Over the years, many nonprofit organizations grew disenchanted with PSA’s because they became increasingly difficult to get placed. That is no longer the case, according to Howard Benenson, chairman of Benenson and Jansen, a Los Angeles-based branding agency that specializes in working with the nonprofit sector. According to Benenson, “in general, it is easier to place PSA’s today than ten years ago. There are more outlets available due in large measure to the growth of the cable networks.” “Plus,” added Benenson, “the Internet has opened up to be a great PSA resource.” Benenson believes that the corporate trends have also created more opportunities to place PSA’s. “Fortunately, we are in a mindset today where more and more media management executives and corporations are recognizing the opportunities associated with connecting to causes,” he noted.
PSA’s for broadcast on either radio or TV are generally fifteen- or thirty-second spots. Stations donate the time and determine when the spots will air. More and more often, PSA’s are presented as a joint effort of the sponsoring agency and the station. Stations encourage PSA’s to include a phone number or Web site so that their audience can obtain more information.
PSA’s are submitted on paper, audiotape, videotape, or digital files as required by the station. Print ads vary in size, depending on the publication’s layout and available space. If your ads are produced digitally using a common graphics program, the publication can easily reformat the ad to fit the space available. Do not pass up free community newspapers and shopping guides when considering PSA’s; they get read, and people tend to keep them around for a long time, unlike a daily newspaper.
Although the space and time for PSA’s are free, production is not, and the cost can vary, depending on whether you pay an advertising agency to produce the PSA’s for you, whether you get them to do it pro bono, or whether you have the radio station produce the spot.
Whatever route you choose, you should have clear objectives for your PSA campaign and a specific audience in mind. Ads should be memorable, relevant, and believable, and they should provide information that audiences can act on, rather than simply generate name recognition and nothing else.

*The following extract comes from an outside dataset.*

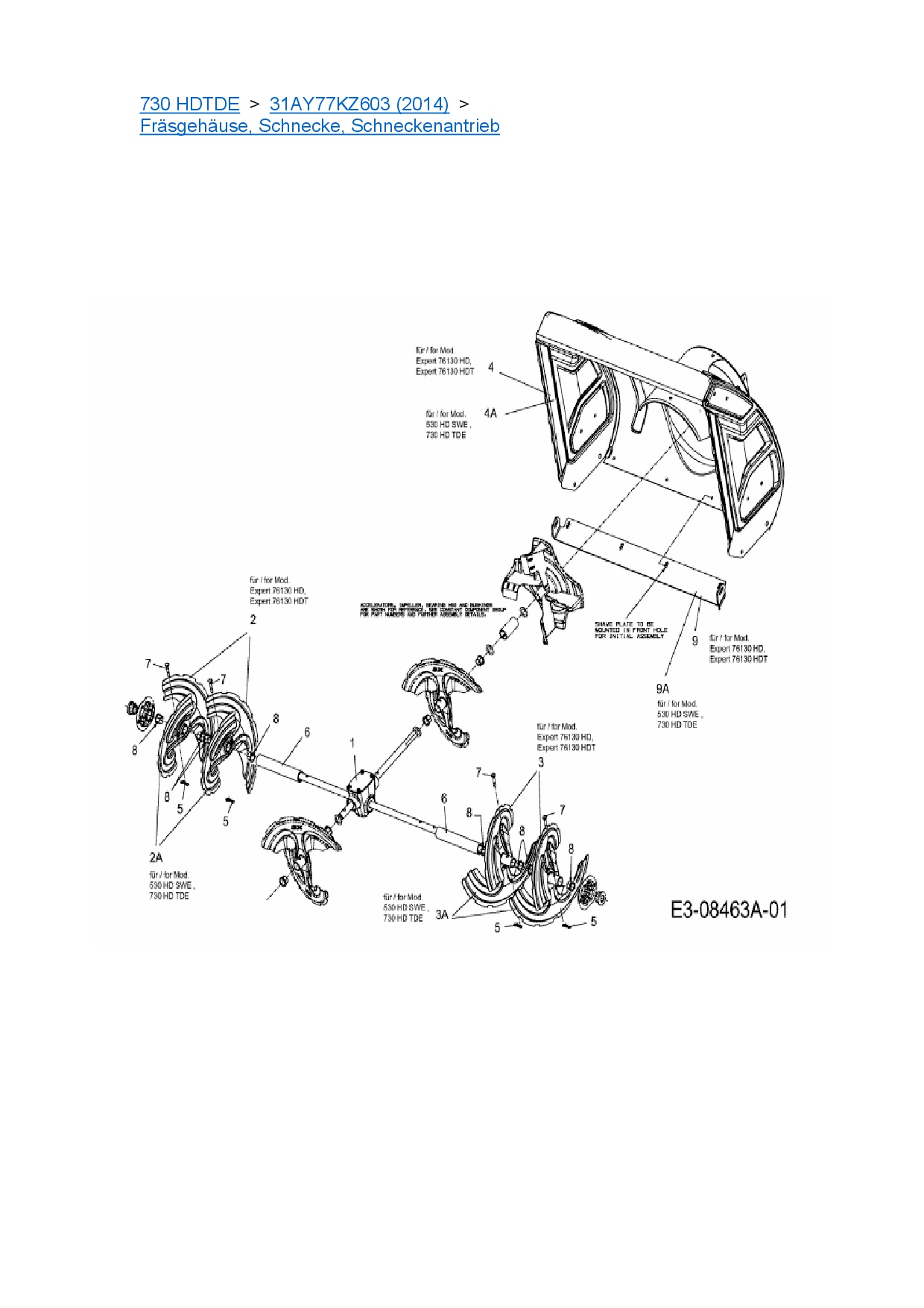 Ersatzteile für Schneefräse Cub Cadet 730 HDTDE aus der Zeichnung Fräsgehäuse, Schnecke, Schneckenantrieb:

Remember, too, that hundreds of new PSA’s are distributed to radio and TV stations each month and that many just sit on a shelf. Competition for public service time and space is very intense. Although neither radio nor TV stations are now required to donate a specific amount of time to PSA’s, stations are obligated (as a condition of their FCC licenses) to determine local needs and to respond to the communities they serve. Their airing of PSA’s provides concrete evidence that they take that job seriously.
There are ways to make yours stand out from the rest and improve its chances of airing. Here are a few simple steps to follow:
Watch, read, and listen to local media. Become a student of PSA’s. Watch for them on your local TV and cable stations and in your newspapers. Listen for them on the radio. Knowing what types of spots your local media use gives you an opening when working to place PSA’s.
Make a call, or conduct research on the Internet. To ensure that PSA’s receive regular airtime and print space in your community, make personal contact with the public service manager responsible for PSA placement. Call the station or newspaper, and ask whom you should contact about placing a PSA (often that person’s title is public service director). Knowing the right person to contact is important, as these gatekeepers decide which PSA’s will be awarded time and space, as well as when they will appear. TV and radio stations may post PSA information on their Web sites.
After you have found the name of the person in charge of PSA’s, set up a meeting with that person. Personal contact is the best way to have PSA’s placed, because it gives public service managers a local connection to your issue.
Be prepared. Preparation for a face-to-face meeting can mean the difference between enjoying success and having your PSA sit on the shelf.